Data entries —
Content starts

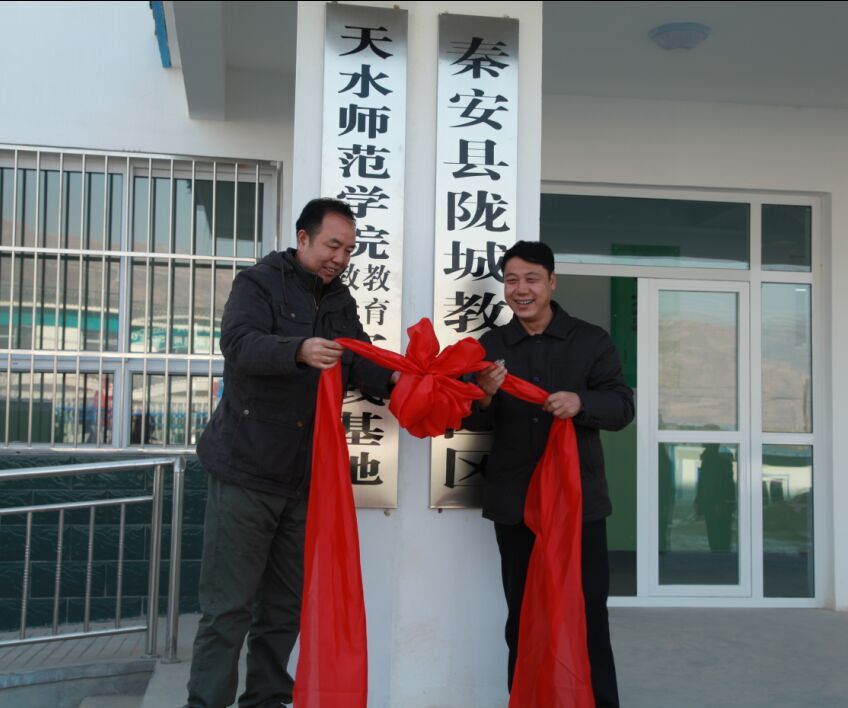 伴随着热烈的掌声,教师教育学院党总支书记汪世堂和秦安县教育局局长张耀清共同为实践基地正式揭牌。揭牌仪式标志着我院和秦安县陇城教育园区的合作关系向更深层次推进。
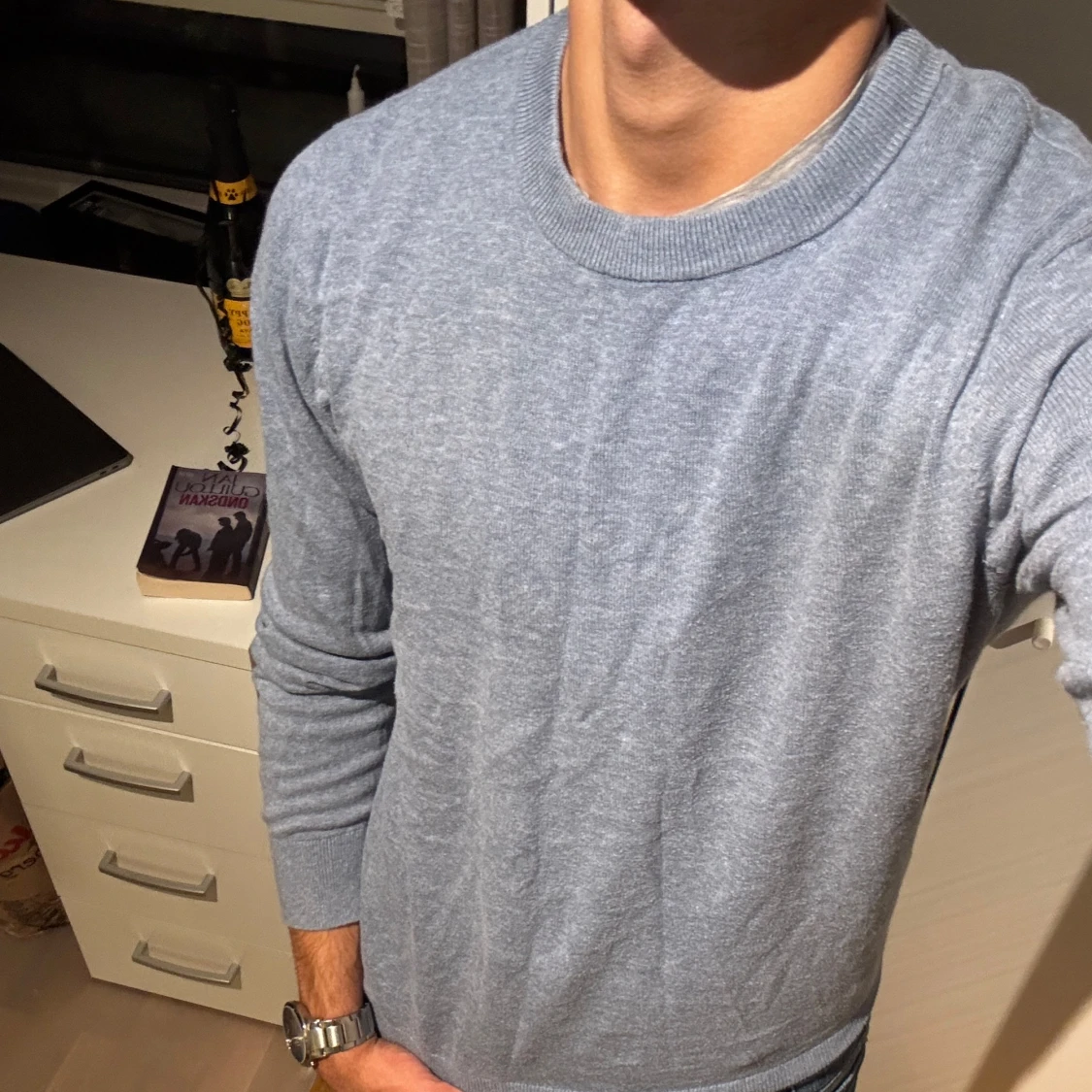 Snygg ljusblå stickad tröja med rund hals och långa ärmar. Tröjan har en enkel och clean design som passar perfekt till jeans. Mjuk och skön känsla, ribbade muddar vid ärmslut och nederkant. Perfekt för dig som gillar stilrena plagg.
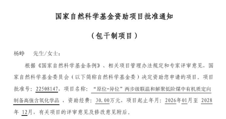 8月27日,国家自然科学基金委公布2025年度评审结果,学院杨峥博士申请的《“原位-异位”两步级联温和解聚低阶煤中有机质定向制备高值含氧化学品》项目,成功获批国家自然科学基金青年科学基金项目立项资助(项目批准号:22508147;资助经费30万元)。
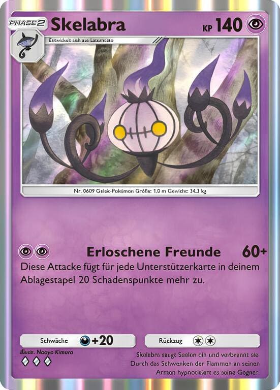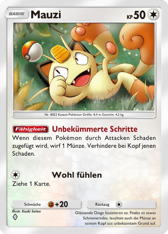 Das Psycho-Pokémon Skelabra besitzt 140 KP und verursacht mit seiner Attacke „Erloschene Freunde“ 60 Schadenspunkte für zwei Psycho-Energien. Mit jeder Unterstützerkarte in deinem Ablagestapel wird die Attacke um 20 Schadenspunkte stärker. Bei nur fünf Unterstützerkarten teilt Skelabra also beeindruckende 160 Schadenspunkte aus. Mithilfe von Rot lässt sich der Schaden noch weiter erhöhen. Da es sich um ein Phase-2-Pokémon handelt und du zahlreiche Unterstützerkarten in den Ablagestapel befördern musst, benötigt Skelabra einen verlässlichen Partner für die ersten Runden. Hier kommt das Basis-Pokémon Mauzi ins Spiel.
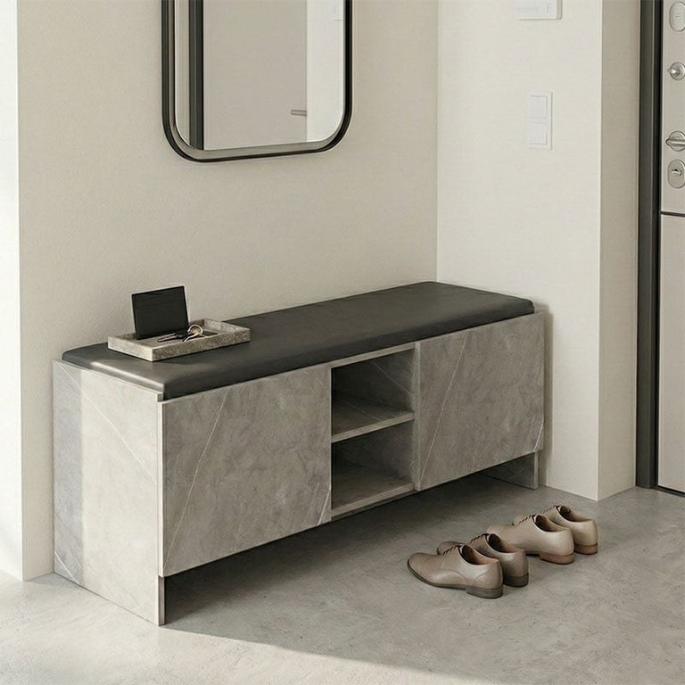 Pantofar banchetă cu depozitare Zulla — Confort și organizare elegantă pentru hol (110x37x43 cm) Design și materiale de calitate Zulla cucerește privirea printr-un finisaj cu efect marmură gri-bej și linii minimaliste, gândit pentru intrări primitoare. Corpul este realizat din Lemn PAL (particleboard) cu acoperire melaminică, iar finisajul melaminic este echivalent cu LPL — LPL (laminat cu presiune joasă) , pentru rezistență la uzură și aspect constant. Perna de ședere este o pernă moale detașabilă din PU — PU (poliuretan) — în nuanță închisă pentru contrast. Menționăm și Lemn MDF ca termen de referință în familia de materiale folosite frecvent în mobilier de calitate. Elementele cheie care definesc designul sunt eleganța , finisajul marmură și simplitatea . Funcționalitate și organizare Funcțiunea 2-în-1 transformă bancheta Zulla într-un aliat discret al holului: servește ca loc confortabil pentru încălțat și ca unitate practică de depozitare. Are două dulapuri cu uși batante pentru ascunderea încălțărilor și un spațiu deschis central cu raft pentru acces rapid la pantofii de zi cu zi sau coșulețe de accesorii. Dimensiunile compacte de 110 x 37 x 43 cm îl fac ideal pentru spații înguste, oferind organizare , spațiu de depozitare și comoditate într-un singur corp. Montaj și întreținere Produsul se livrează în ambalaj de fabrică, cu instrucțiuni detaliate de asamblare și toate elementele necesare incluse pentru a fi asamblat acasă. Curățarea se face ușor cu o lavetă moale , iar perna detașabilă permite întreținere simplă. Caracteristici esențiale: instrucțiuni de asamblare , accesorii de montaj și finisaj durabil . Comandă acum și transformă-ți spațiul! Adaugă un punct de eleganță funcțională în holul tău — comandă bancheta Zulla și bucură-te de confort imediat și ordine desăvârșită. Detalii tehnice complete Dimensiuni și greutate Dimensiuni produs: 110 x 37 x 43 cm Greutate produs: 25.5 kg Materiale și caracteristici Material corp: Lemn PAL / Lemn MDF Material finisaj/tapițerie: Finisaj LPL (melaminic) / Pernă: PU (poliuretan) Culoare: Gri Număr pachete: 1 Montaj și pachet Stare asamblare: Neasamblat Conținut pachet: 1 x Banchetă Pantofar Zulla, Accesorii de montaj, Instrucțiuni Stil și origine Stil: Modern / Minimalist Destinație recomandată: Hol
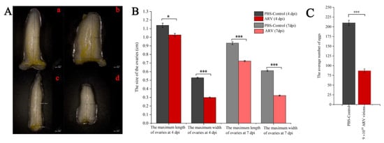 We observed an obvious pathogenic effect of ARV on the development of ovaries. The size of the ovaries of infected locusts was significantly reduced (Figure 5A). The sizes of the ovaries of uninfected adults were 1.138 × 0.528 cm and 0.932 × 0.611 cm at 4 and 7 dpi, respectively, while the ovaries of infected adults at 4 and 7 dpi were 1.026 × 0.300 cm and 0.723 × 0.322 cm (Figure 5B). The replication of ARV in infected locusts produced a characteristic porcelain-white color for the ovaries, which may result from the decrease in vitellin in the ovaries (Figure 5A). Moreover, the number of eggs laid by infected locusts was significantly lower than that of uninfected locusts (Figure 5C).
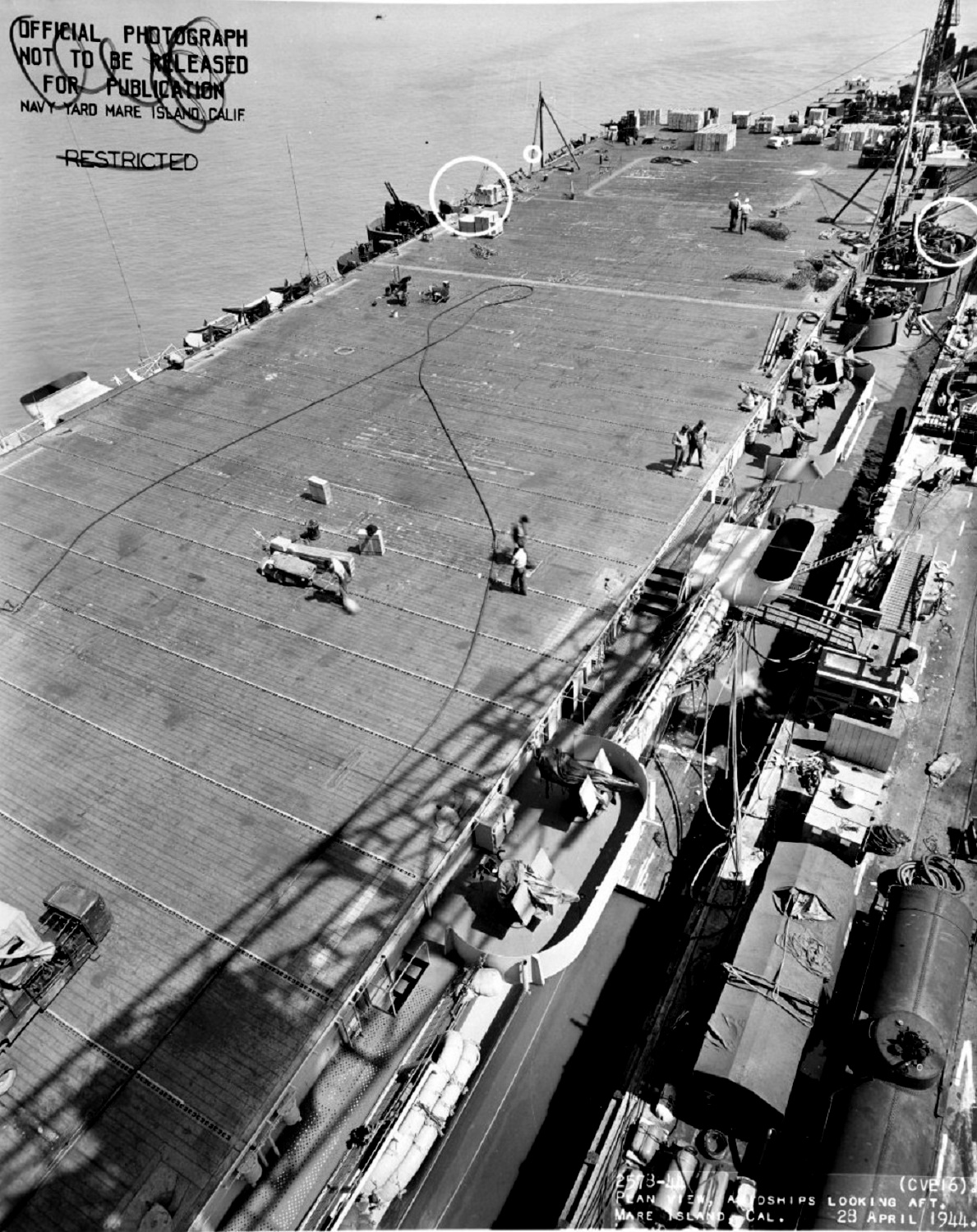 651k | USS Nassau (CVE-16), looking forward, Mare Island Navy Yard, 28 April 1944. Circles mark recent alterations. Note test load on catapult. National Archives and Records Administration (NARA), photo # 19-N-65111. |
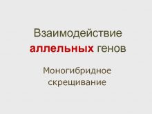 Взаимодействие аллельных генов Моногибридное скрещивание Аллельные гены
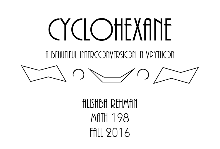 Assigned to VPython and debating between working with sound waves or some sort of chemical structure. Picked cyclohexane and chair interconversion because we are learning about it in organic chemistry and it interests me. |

Content ends

WHAT NEEDS TO BE DONE — Starting at the line containing "Snygg ljusblå stickad" and stopping at the line containing "Das Psycho-Pokémon Skelabra", output every line above exactly, both ends included, with pictures omitted.

EXERCISE RESPONSE —
 Snygg ljusblå stickad tröja med rund hals och långa ärmar. Tröjan har en enkel och clean design som passar perfekt till jeans. Mjuk och skön känsla, ribbade muddar vid ärmslut och nederkant. Perfekt för dig som gillar stilrena plagg.
 8月27日,国家自然科学基金委公布2025年度评审结果,学院杨峥博士申请的《“原位-异位”两步级联温和解聚低阶煤中有机质定向制备高值含氧化学品》项目,成功获批国家自然科学基金青年科学基金项目立项资助(项目批准号:22508147;资助经费30万元)。
 Das Psycho-Pokémon Skelabra besitzt 140 KP und verursacht mit seiner Attacke „Erloschene Freunde“ 60 Schadenspunkte für zwei Psycho-Energien. Mit jeder Unterstützerkarte in deinem Ablagestapel wird die Attacke um 20 Schadenspunkte stärker. Bei nur fünf Unterstützerkarten teilt Skelabra also beeindruckende 160 Schadenspunkte aus. Mithilfe von Rot lässt sich der Schaden noch weiter erhöhen. Da es sich um ein Phase-2-Pokémon handelt und du zahlreiche Unterstützerkarten in den Ablagestapel befördern musst, benötigt Skelabra einen verlässlichen Partner für die ersten Runden. Hier kommt das Basis-Pokémon Mauzi ins Spiel.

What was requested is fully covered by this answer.